Der Totenvogel
Kirche von Loretto im Burgenland © Harald Hartmann
Kirche von Loretto im Burgenland
© Harald Hartmann, August 2006

In Loretto lebte einmal ein Pfarrer, dessen Altersschwäche ihn schon jahrelang ans Zimmer fesselte. An einem kalten Wintertag hörte er im Kamin ein leises Pochen, das immer kräftiger wurde, bis zu seiner Überraschung aus dem Ofen ein kohlschwarzer Vogel herauskroch. "Der Totenvogel!" dachte der alte Mann. Er nahm den schwarzen Vogel voll Freude auf und hatte in seiner Einsamkeit eine kleine Zerstreuung. Tag für Tag erschien der schwarze Vogel, aß die Speisen, die ihm der Pfarrer vorlegte, und hüpfte abends wieder in den Kamin hinein.

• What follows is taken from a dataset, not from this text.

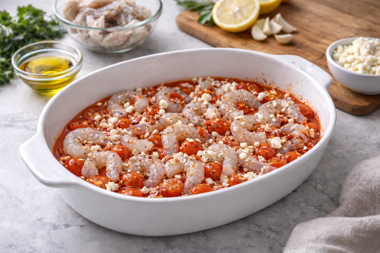 Spoon tomato sauce around the shrimp and scatter the crumbled or shredded cheese evenly over everything.

Eines Abends ging die Wirtschafterin an der Zimmertür des Pfarrers vorbei und vernahm ein ängstliches Krächzen. Nichts Gutes ahnend, eilte sie in das Zimmer. Im Dämmerlicht saß der alte Mann im Lehnstuhl, das Haupt auf die Seite geneigt. Auf seinen sanften Gesichtszügen lag ein verklärtes, glückliches Lächeln. Der schwarze Vogel saß auf seiner Schulter und krächzte in einem gedehnten jammernden Ton. Da die Frau an das rätselhafte Tier und sein Krächzen schon gewöhnt war, beachtete sie es weiter nicht und glaubte, daß der Pfarrer schlafe. Kaum wollte sie jedoch das Zimmer verlassen, begann der Vogel noch lauter zu schreien. Das kam der Frau doch bedenklich vor. Sie näherte sich dem Pfarrer und erkannte, wie er mit offenen Augen schon ins Jenseits hinüberblickte.

Als man den Pfarrer zu Grabe trug, sah man im Kirchhof den schwarzen Vogel, dessen anhaltendes Krächzen alle Leidtragenden tief erschütterte. Erst im Dunkel der Nacht verschwand das gespenstige Tier und kam nie wieder. Die Leute sagten, es sei der Totenvogel gewesen, der dem alten Pfarrer den Abschied aus diesem Leben leichter gemacht hätte.

Quelle: Adolf Parr und Ernst Löger, Sagen aus dem Burgenland, Anton Mailly Wien/Leipzig 1931, Nr. 19, zit. nach Sagen aus dem Burgenland, Hrsg. Leander Petzoldt, München 1994, S. 92f.